Caio pareceu surpreso, um lampejo de irritação em seus olhos. Ele esperava subserviência, não negociação.
"O que é?" ele perguntou, seu tom impaciente.
"Clara", eu disse, minha voz firme. "Você vai garantir a segurança dela, o futuro dela. E você vai dizer a ela, quando ela tiver idade para entender, que a mãe dela a amava mais do que tudo neste mundo."
Um músculo se contraiu em sua mandíbula. Ele provavelmente descartou isso como um último desejo, um último suspiro de sentimentalismo. Ele assentiu secamente, já olhando para além de mim, para além da minha morte iminente, em direção ao seu futuro com Francesca.
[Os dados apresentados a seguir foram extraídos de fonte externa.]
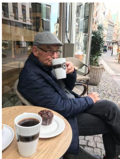
😊 FYFFE 😊

😊 FYFFE der er ny tipper i Danmarksturneringens 3. division debuterer her i Pokalturneringen, men har dog velkendte BRULA til at trække i trådene. Modstanderen AGGER var på grund af den højere divisionsstatus udpeget som favorit i opgøret. Det skulle dog vise sig at blive et maraton-opgør. Efter et forsigtigt udlæg med uafgjort, hev FYFFE en overraskende sejr hjem i den 2. kamp og havde dermed fordelen, men efter to efterfølgende uafgjorte kampe, var det pludselig AGGER der vandt en kamp og så var stillingen helt lige igen og man troede at AGGER så ville gøre arbejdet færdigt i den næste kamp, men her overraskede FYFFE igen og med en beskeden sejr blev FYFFE den endelige vinder af opgøret og er hermed videre til Pokalturneringens 2. runde 😊 AGGER må konstatere at han lige som i 2020 røg ud af Pokal'en efter 1. runde, men dog efter en god kamp og med æren i behold 🙋
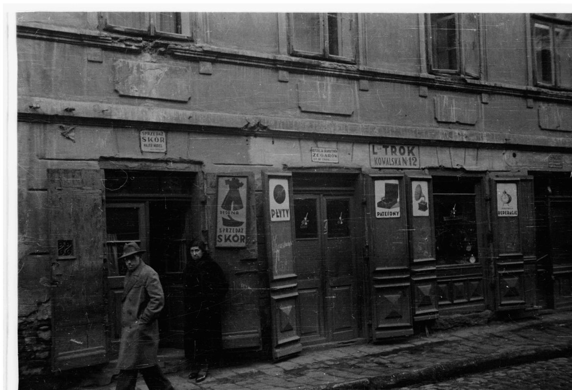
Kowalska 12, autor Stefan Kielsznia, 1938, zbiory fotografii Jerzego Kielszni.
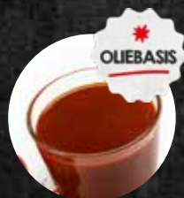
Top Marinade Rood Nieuw
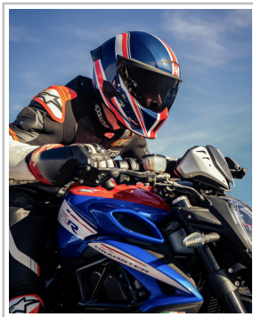
Ruroc Atlas 4.0 Flag Drop „Union Jack“.
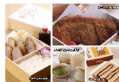
リファイン岡崎北 黒田

毎日4人分のお弁当を作るので、休みの日に たくさん作って小分け して冷凍しています。牛肉とごぼうの甘辛煮が家族には好評です。
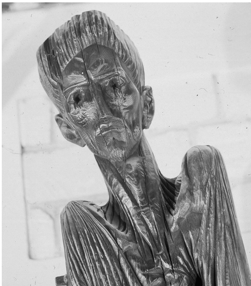
Szervátiusz Tibor: Petőfi Erdélyben című, égetett ecetfából készült, 1977-es szobrának részlete

a legnagyobb sikert. A Talpra magyar nélkül is az övé volna. Csak azért, mert ezt szabták rá, ez az egyszerre játékos és tragikus, nevető és forradalmi éghajlat felelt meg leginkább a természetének, legotthonosabban ebben mozgott, pontosan a hónap végéig, mert a csak játékos és köhögve is füttyös április persze már Csokonaié. Nem tudom pontosan, milyen más országokban március arca. Olaszországban, úgy láttam, a munka verejtékétől piros. Nálunk attól a láztól, amely Petőfi arcát tüzesítette, a remény és a szabadság szeleitől. Petőfinek köszönheti, hogy nálunk a szabadság hava immár mindörökre.” (Rádióelőadás: 1941)
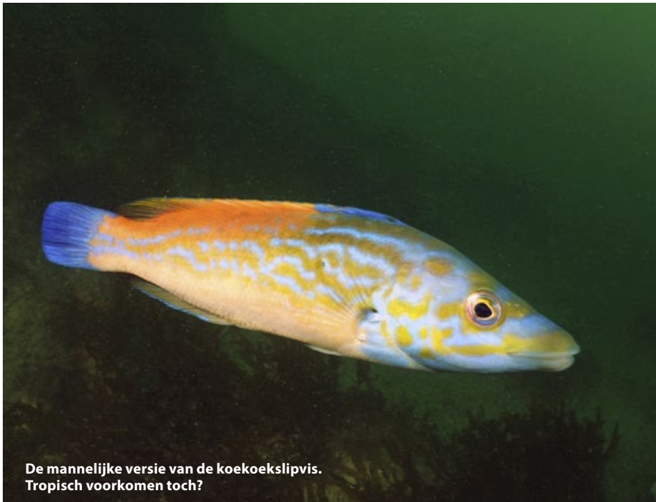
De mannelijke versie van de koekoekslipvis. Tropisch voorkomen toch?
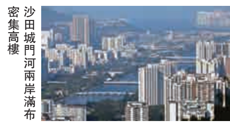
沙田城門河兩岸滿布密集高樓

社區發展亦激發鐵路服務的演進，九鐵於一九七八年開始電氣化工程，一九八三年全線通車。同年大圍臨時站投入服務，火車站於一九八五年啓用，以減輕沙田站的壓力。沙田由滄海變桑田，再由墟市變商場，農田消失，取而代之的是高樓冒起。如今重看舊照，真的可用「翻天覆地」來形容這半世紀的變遷。

Ele nunca saberia o verdadeiro significado das minhas palavras, a promessa silenciosa que fiz a mim mesma. Ele nunca saberia que eu não estaria esperando por nenhum "novo começo". Não nesta vida. Mas minha filha, minha corajosa e perspicaz Clara, ela carregaria minha memória, meu espírito. E ela testemunharia a queda dele.
Eu sabia que este seria o fim. Mas não seria um fim sem sentido. Meu sacrifício significaria algo. Para a Clara. Assinei os papéis, a tinta borrando levemente no papel barato. Um contrato com a morte, selado com uma caneta. Eu não viveria para me casar com ele novamente. Não nesta vida.